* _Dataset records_

========================

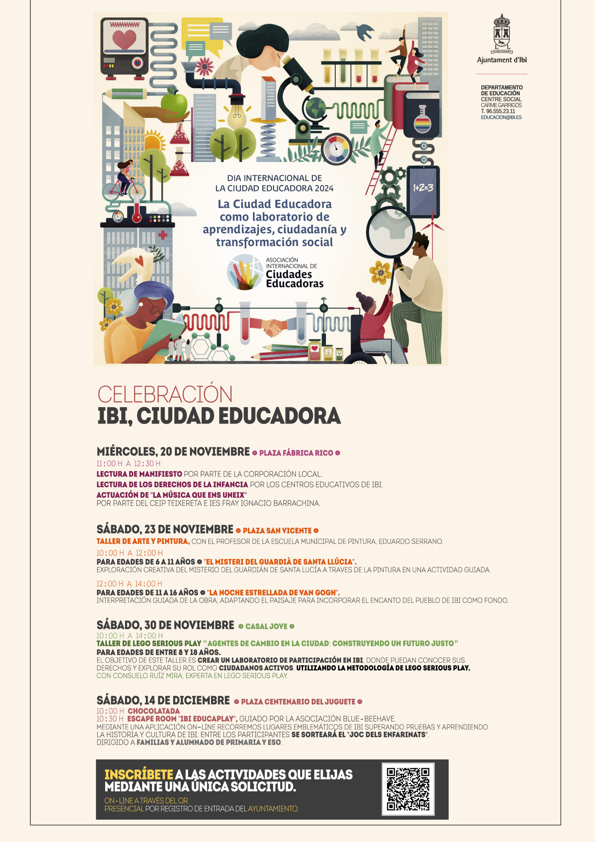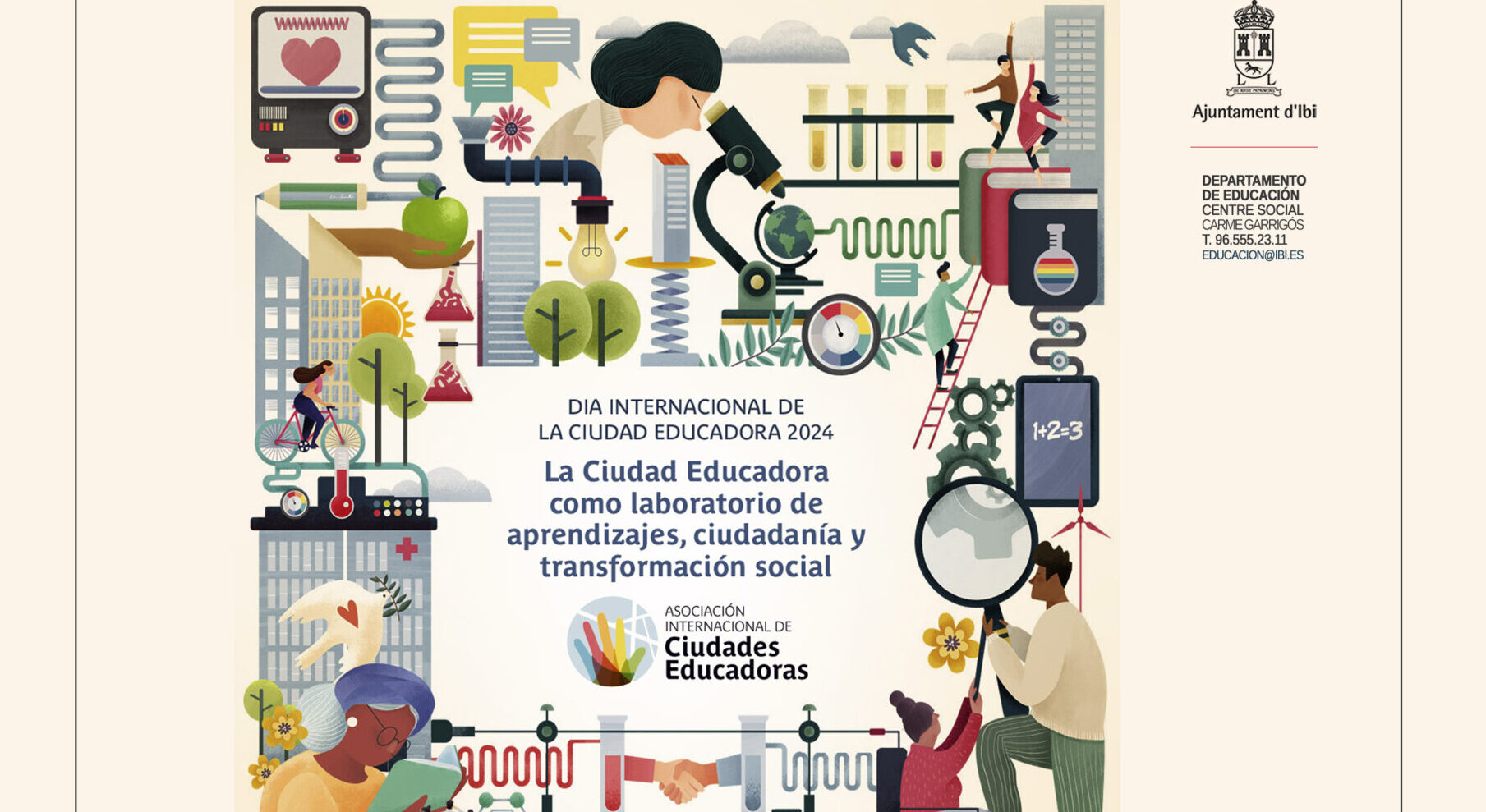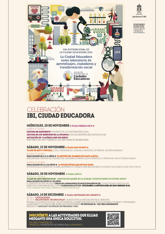 Sota el lema “La Ciutat Educadora com a laboratori d’aprenentatges, ciutadania i transformació social”, la regidoria d’Educació de l’Ajuntament d’Ibi organitza la celebració del Dia Internacional dels Drets de la Infància, el 20 de novembre, i el Dia de la Ciutat Educadora, el 30 de novembre.
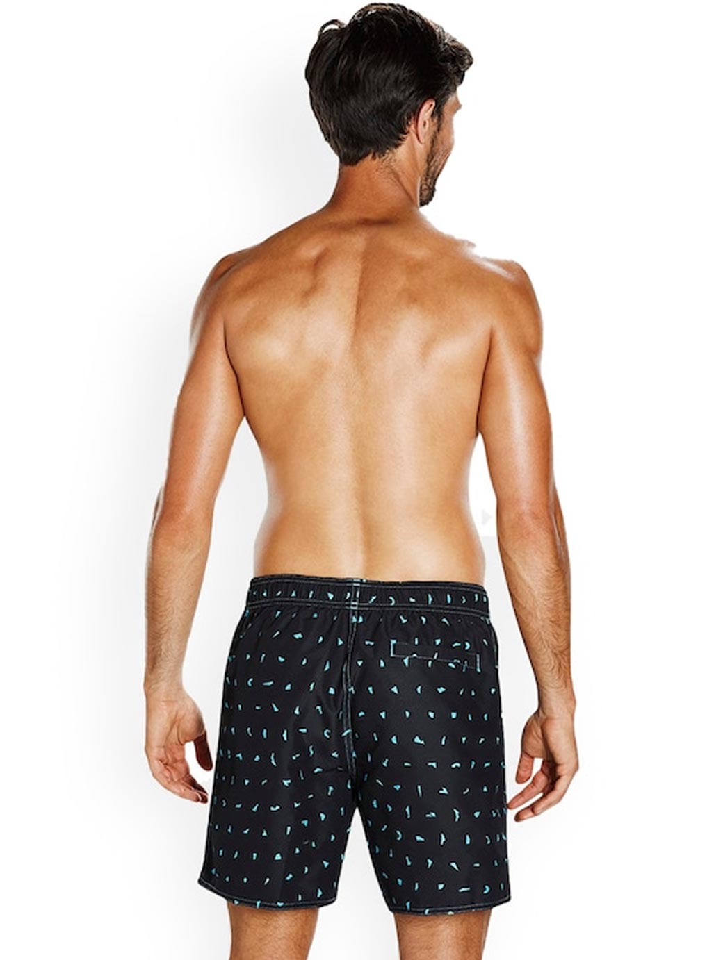 Black printed swim bottoms, has an elasticated waistband with drawstring closure
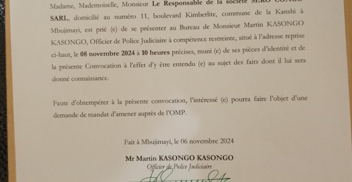 Depuis ce mercredi 6 novembre 2024, SEKO CONGO qui est partenaire actif de la République Démocratique du Congo, particulièrement, de la Société Minière de Bakwanga, dans le cadre de la relance de la MIBA pour l'électrification de l'Espace grand Kasai est menacé par le corps de la police judiciaire de la ville de Mbuji-Mayi, dans une convocation fabriquée et sans norme portant N° 001/ARE RDC/OPJ PC/MKK/11/2024 signée par un certain ...
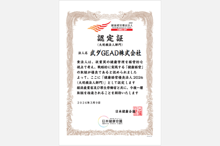 武ダGEADは、社員の健康管理を経営的な視点で考え、戦略的に実践する「健康経営」の取組が優良であるとして、4年連続で「健康経営優良法人2026(大規模法人部門)」に認定されました。
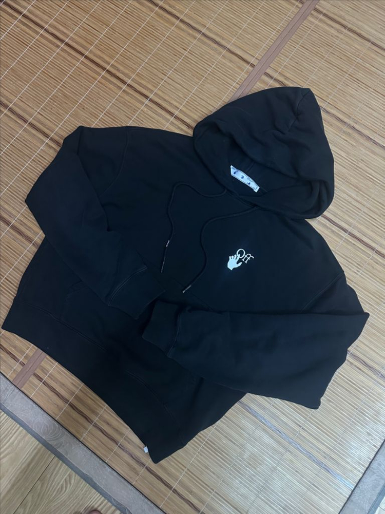 오프화이트 애로우 후드티 표기 m 이고 100L 입으시는분들 정핏 상태 좋아요
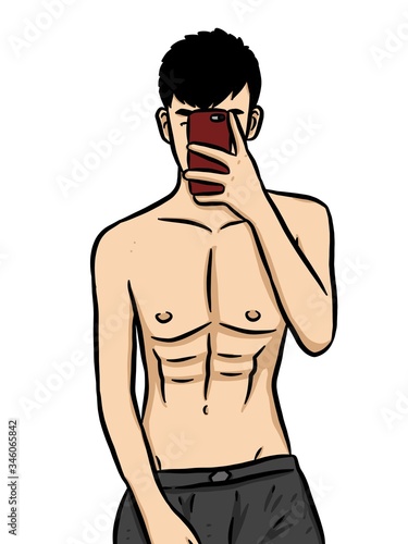 © mansum008, Fototapeta premium Cartoon cute man on white background
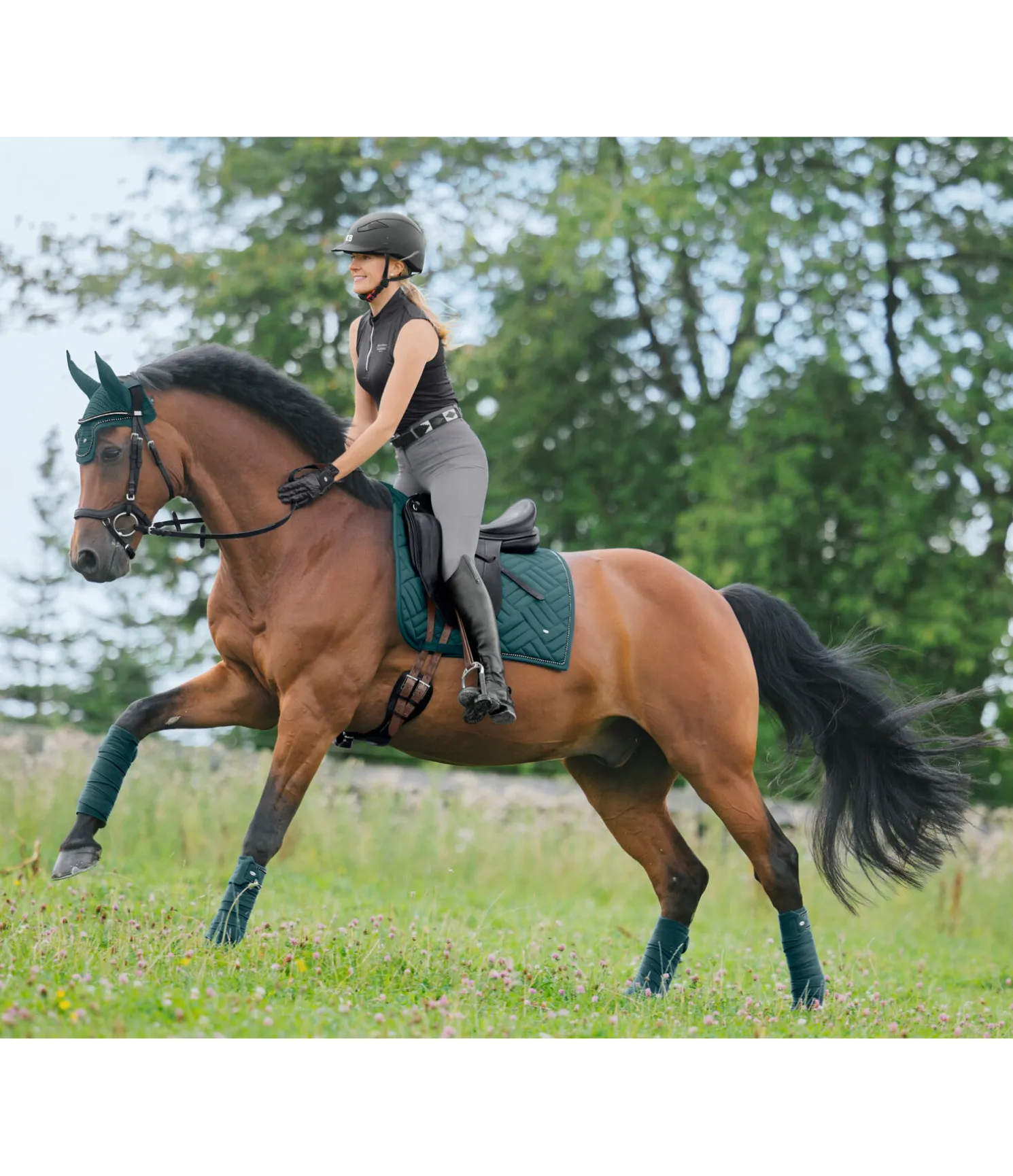 Tapis de selle de forme carrée, particulièrement élégant, avec surpiqûres apparentes. Passepoil avec strass. Petit médaillon discret avec logo gravé. Passants de sangle et de contre-sanglons avec patte auto-agrippante fonctionnelle. Dessous Air mesh respirant et absorbant l’humidité. 100 % polyester.
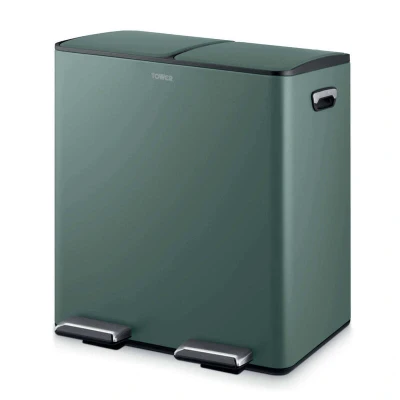 The Tower Recycling Pedal Bin with Two Compartments 40L in Forest Green features a durable carbon steel body with two separate 20L compartments for easy waste sorting, hands-free pedal operation, removable inner buckets for easy cleaning, and a stylish powder-coated finish to suit any kitchen décor.
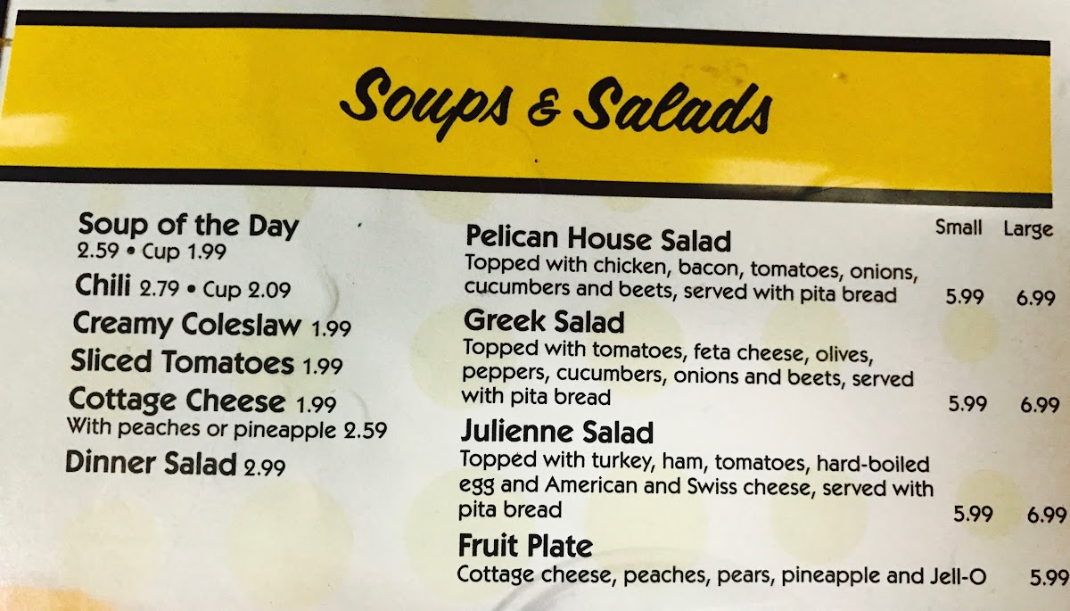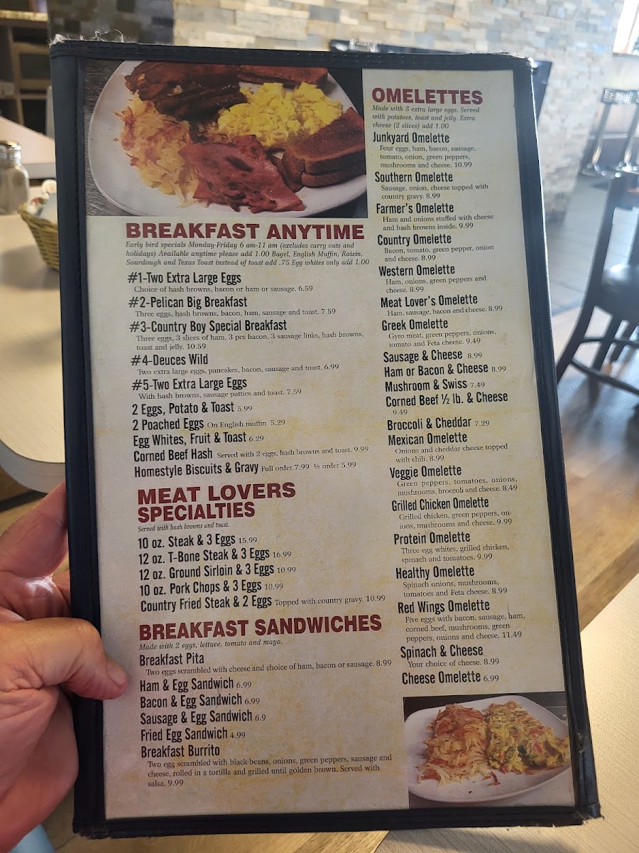 Whether you're starting your day with classics like Over Easy Eggs More Like Fried Eggs or the Country Boy Special Breakfast, or enjoying midday favorites such as the Philly Cheese Steak or the Pelican Chicken Pita, the menu complements the casual, homey atmosphere of the cafe. The versatility of options—from skillets packed with fresh ingredients to hot sandwiches served with traditional sides—makes it easy to find something comforting and approachable.
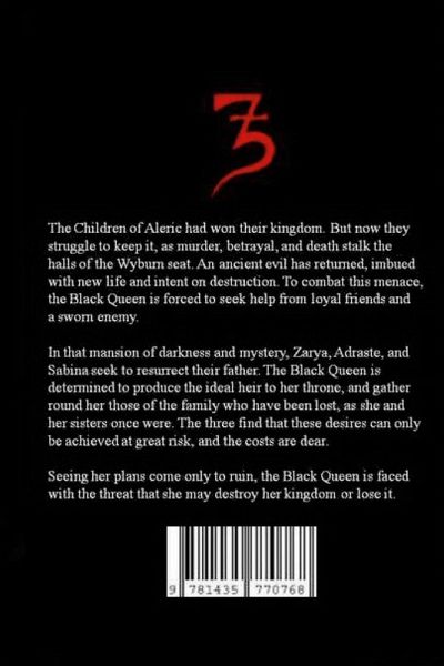 The Chronicles of the Black Queen: Book II The Children of Aleric had won their kingdom. But now they struggle to keep it, as murder, betrayal, and death stalk the halls of the Wyburn seat. An ancient evil has returned, imbued with new life and intent on destruction. To combat this menace, the Black Queen is forced to seek help from loyal friends and a sworn enemy. In that mansion of darkness and mystery, Zarya, Adraste, and Sabina seek to resurrect their father. The Black Queen is determined to produce the ideal heir to her throne, and gather round her those of the family who have been lost, as she and her sisters once were. The three find that these desires can only be achieved at great risk, and the costs are dear. Seeing her plans come only to ruin, the Black Queen is faced with the threat that she may destroy her kingdom or lose it.
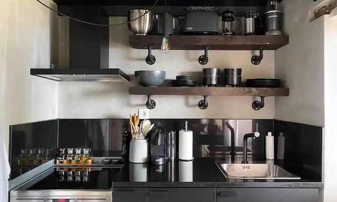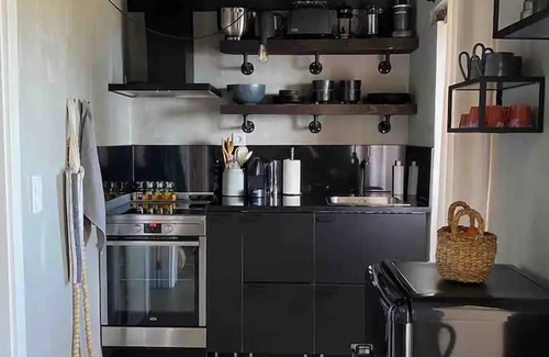 This 1-bedroom, 1-bathroom rental features a living room and a fireplace. Bathroom amenities include a hair dryer, towels, and toilet paper. The kitchen is equipped with an oven, a stovetop, and a refrigerator, as well as a coffee maker, an electric kettle, and cookware. And there is a laundromat nearby so you can pack a bit lighter.
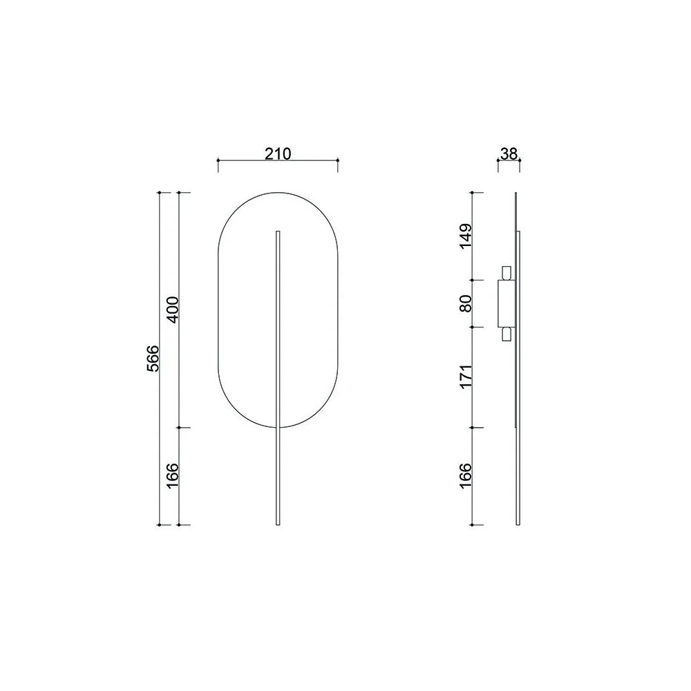 Rokke wall lamp by Ummo is a blend of modern elegance and a unique shape inspired by the silhouette of a feather. Its slender, oval design with decorative grooves creates a minimalist yet striking lighting composition.

========================

* _Exercise goal_
Line by line, restate the data above exactly as it stands, minus the pictures.

* _Finished task_
 Sota el lema “La Ciutat Educadora com a laboratori d’aprenentatges, ciutadania i transformació social”, la regidoria d’Educació de l’Ajuntament d’Ibi organitza la celebració del Dia Internacional dels Drets de la Infància, el 20 de novembre, i el Dia de la Ciutat Educadora, el 30 de novembre.
 Black printed swim bottoms, has an elasticated waistband with drawstring closure
 Depuis ce mercredi 6 novembre 2024, SEKO CONGO qui est partenaire actif de la République Démocratique du Congo, particulièrement, de la Société Minière de Bakwanga, dans le cadre de la relance de la MIBA pour l'électrification de l'Espace grand Kasai est menacé par le corps de la police judiciaire de la ville de Mbuji-Mayi, dans une convocation fabriquée et sans norme portant N° 001/ARE RDC/OPJ PC/MKK/11/2024 signée par un certain ...
 武ダGEADは、社員の健康管理を経営的な視点で考え、戦略的に実践する「健康経営」の取組が優良であるとして、4年連続で「健康経営優良法人2026(大規模法人部門)」に認定されました。
 오프화이트 애로우 후드티 표기 m 이고 100L 입으시는분들 정핏 상태 좋아요
 © mansum008, Fototapeta premium Cartoon cute man on white background
 Tapis de selle de forme carrée, particulièrement élégant, avec surpiqûres apparentes. Passepoil avec strass. Petit médaillon discret avec logo gravé. Passants de sangle et de contre-sanglons avec patte auto-agrippante fonctionnelle. Dessous Air mesh respirant et absorbant l’humidité. 100 % polyester.
 The Tower Recycling Pedal Bin with Two Compartments 40L in Forest Green features a durable carbon steel body with two separate 20L compartments for easy waste sorting, hands-free pedal operation, removable inner buckets for easy cleaning, and a stylish powder-coated finish to suit any kitchen décor.
 Whether you're starting your day with classics like Over Easy Eggs More Like Fried Eggs or the Country Boy Special Breakfast, or enjoying midday favorites such as the Philly Cheese Steak or the Pelican Chicken Pita, the menu complements the casual, homey atmosphere of the cafe. The versatility of options—from skillets packed with fresh ingredients to hot sandwiches served with traditional sides—makes it easy to find something comforting and approachable.
 The Chronicles of the Black Queen: Book II The Children of Aleric had won their kingdom. But now they struggle to keep it, as murder, betrayal, and death stalk the halls of the Wyburn seat. An ancient evil has returned, imbued with new life and intent on destruction. To combat this menace, the Black Queen is forced to seek help from loyal friends and a sworn enemy. In that mansion of darkness and mystery, Zarya, Adraste, and Sabina seek to resurrect their father. The Black Queen is determined to produce the ideal heir to her throne, and gather round her those of the family who have been lost, as she and her sisters once were. The three find that these desires can only be achieved at great risk, and the costs are dear. Seeing her plans come only to ruin, the Black Queen is faced with the threat that she may destroy her kingdom or lose it.
 This 1-bedroom, 1-bathroom rental features a living room and a fireplace. Bathroom amenities include a hair dryer, towels, and toilet paper. The kitchen is equipped with an oven, a stovetop, and a refrigerator, as well as a coffee maker, an electric kettle, and cookware. And there is a laundromat nearby so you can pack a bit lighter.
 Rokke wall lamp by Ummo is a blend of modern elegance and a unique shape inspired by the silhouette of a feather. Its slender, oval design with decorative grooves creates a minimalist yet striking lighting composition.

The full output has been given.